This entry is part 3 of 5 in the series Carbon Cowboys and REDD Indians

In his fascinating 2006 book 1491: New Revelations of the Americas Before Columbus, Charles Mann tells the story of Allan Holmberg, a young doctoral student who spent the early 1940s living with an indigenous people called the Sirionó.

“Crouched over meager campfires during the wet, buggy nights, the Sirionó were living exemplars of primitive humankind – the ‘quintessence’ of ‘man in the raw state of nature,’ as Holmberg put it,” Mann relates. “For millennia, [Holmberg] thought, they had existed almost without change in a landscape unmarked by their presence.”

Holmberg’s observations – which Mann calls “Holmberg’s Mistake” – became enshrined in high-school history books around the world, and most of us grow up believing that indigenous people of the Amazon had always lived as they did when Europeans started encountering them after Columbus. In actual fact, it now appears, the civilizations of the Amazon were incredibly advanced and populous prior to the arrival of Whites on the shores of Brazil in 1500. Mann describes bustling metropolises along the shores of the Amazon River and offers evidence of massive earthen structures now reclaimed by the forest. Rather than being the naïve, untouched “noble savages” of our more romantic notions (or the savages of our darker prejudices), the forest people who Europeans encountered as they moved deeper into the forest were survivors of an undocumented apocalypse that swept the continent well beyond the areas of White settlement.

“Holmberg…never fully grasped that the people he saw as remnants from the Paleolithic Age were actually the persecuted survivors of a recently shattered culture,” says Mann. “It was as if he had come across refugees from a Nazi concentration camp, and concluded that they belonged to a culture that had always been barefoot and starving.”

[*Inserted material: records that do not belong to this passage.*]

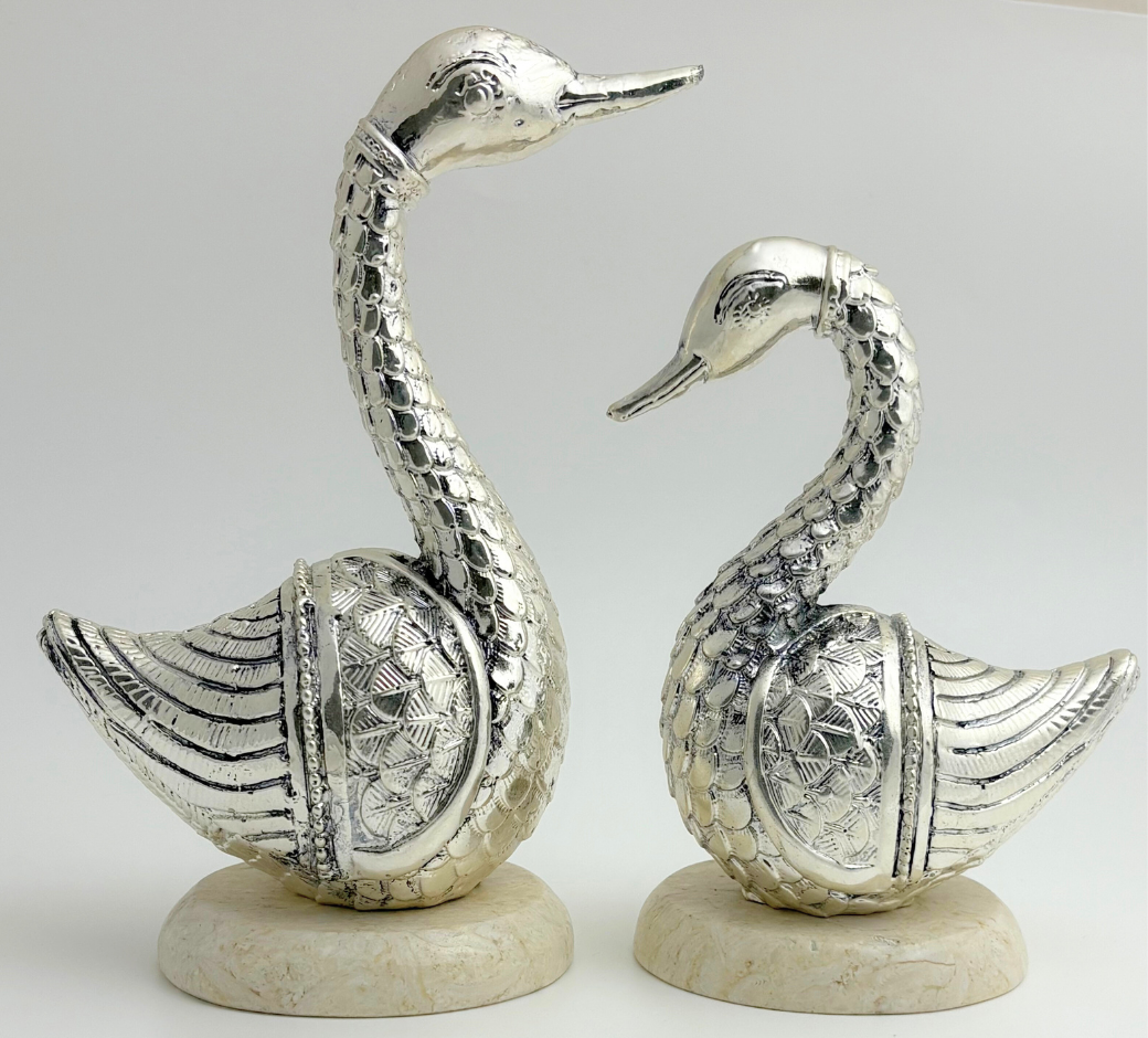999 Pure Silver Foil work Togetherness Swan pair for Gifting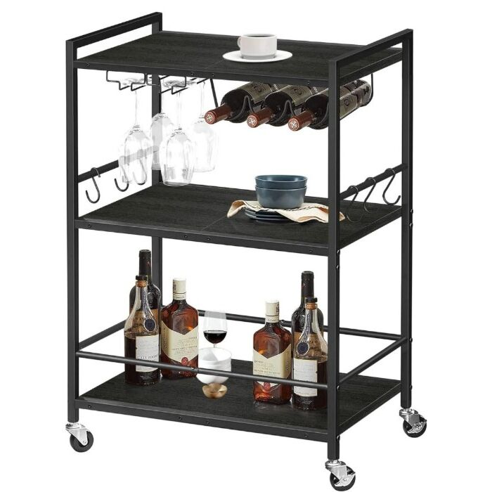 Hoppa! Songmics Serveerwagen, Barwagen, Magnetronwagen, Drankwagen - Metaal - Hout - 60x33x83 cm (BxDxH) - Zwart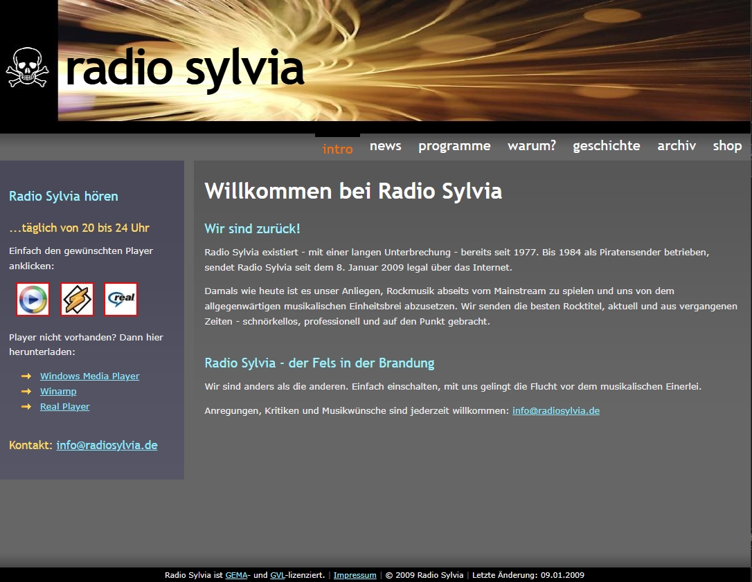2007 begannen wir mit ersten vagen Überlegungen, Radio Sylvia legal zu reaktivieren, ohne dass allerdings konkrete Planungen folgten. Erst im September 2008 starteten die Vorbereitungen, und nach einer Testphase begannen am 8. Januar 2009 reguläre Sendungen im Internet.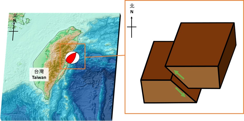 台灣位於菲律賓海板塊和歐亞板塊的複雜聚合區域之間(圖1),屬活躍地震帶。當中在花蓮附近,菲律賓海板塊向西北方向運動並俯衝到歐亞板塊之下,兩塊板塊每年以大約7至8厘米的速度碰撞 [4]。據美國地質調查局(USGS) [5],花蓮地震的震源機制是逆斷層(圖2),可能與歐亞板塊內部的斷層活動有關。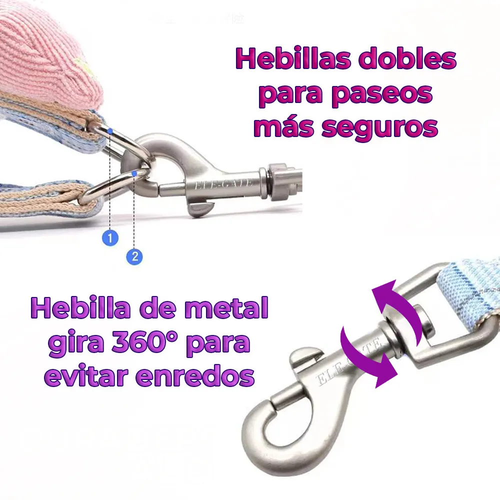 Haz que los paseos con tu mascota sean aún más divertidos y adorables con nuestro juego de correa y arnés con diseño de oso! Este conjunto no solo es funcional, sino que también agrega un toque de ternura a la hora de sacar a pasear a tu perro o gatito.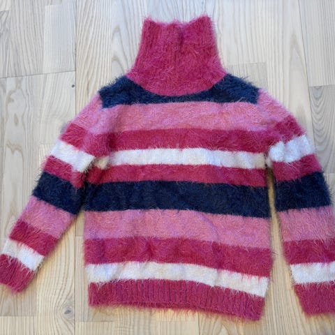 Lasten paita, koko 110, punainen väri, jossa on kolme valkoista ja ruskeaa hirviökuviota. Pitkähihainen malli, sopii lapsille.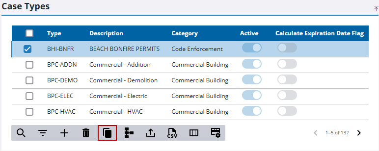 - On the Case Types panel, select the case type you want to clone and click Clone selected records.

Something similar appears to have happened to the Paiter-Surui, whose ancestral songs describe an ancient civilization down near Cuiabá, which is the modern-day capital of Mato Grosso. The history describes the Great Betrayal, the Exodus, and over a century of wandering in the woods, during which they migrated an astonishing 750 kilometers. Because they had no written language, the history was preserved in the form of songs their fathers would sing as they worked, warred, and walked.

“My father sang these songs to me when I was a child, and Itabira’s father sang them to him when he was little,” says Almir. “Each version is a bit different, like the Gospels of the Christian Bible. There’s the Gospel According to Itabira, and the Gospel According to Anine, and the Gospel of my father, Marimop.”

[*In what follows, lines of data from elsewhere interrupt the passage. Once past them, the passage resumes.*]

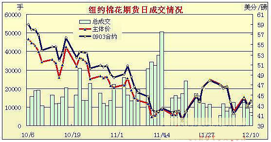 12月10日,美國國會和白宮對汽車救助達成原則一致意見,利好美國股市和商品市場,原油和谷物上揚兼美元走弱刺激期棉大幅攀升,尾盤隨股市滑落而抹去大多漲幅,盤終3月合約漲72點收于43.67美分。 當日紐約期棉小幅高開,受助于外圍上揚態(tài)勢,部分空頭回補,同時賣盤壓力較輕,期棉快速上沖,3月合約最高上揚至44.99美分,漲幅高達204點;臨近尾盤,股市漲幅削減,期棉快速回調(diào),大半漲幅被抹去,盤終各合約均保持上揚,雖漲幅不大。觀望氣氛依然濃厚,不過市場成交比前日略現(xiàn)活躍。 美國白宮周三表示,布什政府和國會領袖就拯救受困的美國汽車制造商計劃已經(jīng)達成一項“良好的概念性協(xié)議”,對股市和市場起到一定的提振;同時美國11月份聯(lián)邦預算赤字已經(jīng)高達1644億美元,為11月份赤字高位,其原因主要為救助計劃,此消息對美元有一定的壓力,美元全天較弱。而原油則反彈欲望較強,保持強勢上揚態(tài)勢。 紐約棉花期貨首期0903合約近三個交易日交易走勢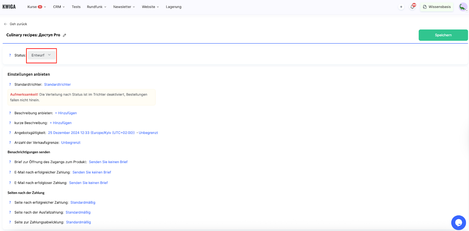 Lassen Sie den Status auf Entwurf, da dieser Artikel beschreibt, wie Zugriff ohne Verkauf über Kwiga gewährt wird. Die übrigen allgemeinen Einstellungen, einschließlich der Seite nach der Zahlung, können unverändert bleiben.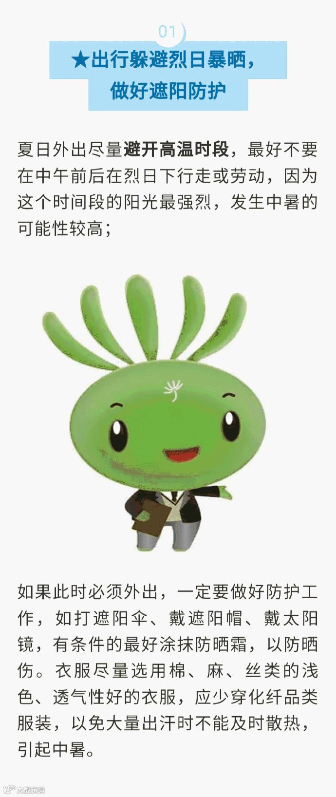 夏日外出尽量避开高温时段,躲避烈日暴晒,做好遮阳防护;及时饮水,适当补充电解质;用水冲洗,及时散热;合理饮食,保证营养;合理安排作息时间,保持充足睡眠;随身配备防暑药品……一起来看看这些高温防暑的正确打开姿势!

Compared to the Gospels, however, the differences between the various accounts are quite minor – at least based on what I heard. Itabira offered more detail than Almir did, but there weren’t any glaring contradictions between the two versions, and they both had some frustrating gaps. Here, in the combined words of Almir and Itabira, is the history of the Paiter-Surui – back before the word “Surui” had entered the vernacular, and they simply called themselves “Paiter” (for reasons we’ll explore shortly):

The Great Betrayal

Three hundred years ago, when the Paiter still dwelled in the land of cliffs and canyons and waterfalls known as the Chapada dos Guimarães, a neighboring people introduced them to a tribe of strange, pale visitors who covered their bodies in cloth instead of ink. These visitors carried exploding sticks as weapons, and they offered glittering tools of hard metal – machetes – in exchange for access to a yellow metal that glowed in the sun – gold. The Paiter, however, didn’t know what gold was, and as much as they wanted the machetes, they declined the offer.

Soon thereafter, several members of their people went missing, and the Paiter leadership suspected they’d been kidnapped by a neighboring people they often warred with. But as the Paiter prepared a rescue mission, they found the bodies of their missing brethren. Each had been sliced open cleanly, as only machetes can do, and one had a bullet in his head. They now knew this wasn’t the work of their traditional enemies, but of the White invaders. So they donned war paint and attacked the White settlements in the night.

Soon they were at war, which in the forest meant raids and ambushes – not the pitched battles that Europeans were used to. The Paiter would track the Whites invisibly and strike before the Whites could react. Then they would take their weapons and disappear. It was bows and arrows against guns and machetes, but the Paiter knew the terrain, and they outnumbered the Whites as well. Soon, the Paiter arsenal was stocked with guns and machetes as well – although the guns refused to work for them.

One day, a young Paiter warrior named Chamoya approached the chief of the Gabgir, one of the 13 clans that made up the Paiter back then. The chief’s name was Amoana-iga, which means “long-haired grandfather”. Chamoya’s name has since come to mean “traitor to his people” because of what happened next.

“I have spoken to the Whites,” Chamoya said. “They are weary of this fight, and want to make restitution for all the harm they have caused.”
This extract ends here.